Engagé dans l’armée pour servir son pays durant la Seconde Guerre mondiale, Jimmy Valentine avait ouvert les lieux avec sa femme rencontrée en permission alors qu’elle travaillait au Pentagone. C’était un ancien cabinet de dentiste. « Plein d’artistes ont enregistré là-bas. Les Beach Boys, Frank Zappa, Bing Crosby…. Disney et Looney Tunes y bossaient même les voix de leurs dessins animés. » Ces excités de Black Lips dans le même studio que Bugs Bunny, Speedy Gonzales, Titi et Grosminet? Il y a une certaine logique. « J’ai beaucoup de country, de folk et de blues dans ma collection de disques. Ils sont mélangés. C’est pas mal le bordel. Mais pour la pochette, on voulait donner l’impression d’un vieux disque. J’ai eu l’idée en voyant un album de ma famille: The Swilley Family Sings . C’est à ça que les disques de country et de gospel ressemblaient dans les années 50 et 60. » Les Black Lips ne sont pas pour autant des cow-boys comme les autres…

No country for old men

Black Lips:

Lil Nas X, « Old Town Road »

Inspiré par Young Thug, l’un des pionniers du country rap, Lil Nas X a décroché la timbale avec Old Town Road alors qu’il n’avait plus que 5,62 dollars sur son compte en banque. Invité sur le morceau, la légende de la country Billy Ray Cyrus n’est autre que le père de Miley…

Black Lips:

Mac DeMarco, « Here Comes the Cowboy »

Contrairement à ce que laisse sous-entendre son nom, le dernier album de Mac DeMarco n’est pas un disque de country mais la chanson titre en a plus que de fauxairs. Gamin, le Canadien détestait les chansons pop de cow-boys qu’écoutait sa mère.

Black Lips:

Peter Doherty, « All at Sea »

Truffé de violons campagnards, l’album de l’Anglais Peter Doherty et de ses Puta Madres fait clairement écho aux musiques traditionnelles américaines. Le Libertine ne cache pas son admiration pour Hank Williams, Johnny Cash et Billy Hughes.

Black Lips:

Black Lips – « Sing in a World That’s Falling Apart »

Distribué par Fire Records/Konkurrent. ***(*)

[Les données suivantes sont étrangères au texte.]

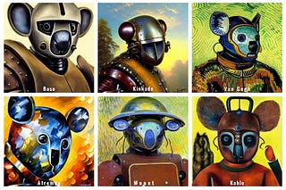 What if Vincent Van Gogh painted a robot koala? Showcasing the impact of the "artist" tag on text-to-art images.

On va tous crever. La fin du monde nous guette et les Black Lips font la fête… Cocasse, c’est sur le label anglais Fire Records que les gugusses d’Atlanta sortent leur premier album country. La musique traditionnelle et folklorique américaine sert désormais d’écrin aux pop songs imparables que Cole Alexander, Jared Swilley et leur tripotée de complices déclinaient jusqu’ici en mode flower punk. Mauvaises graines, les Lips remontent à la racine, bouffent les pissenlits et les recrachent, sourires édentés, à la tronche d’une société malade. Les tubes sont là ( Rumbler, Angola Rodeo, Dishonest Men, la ballade sixties Locust). Parfois un peu poussiéreux, certes, mais toujours imbibés.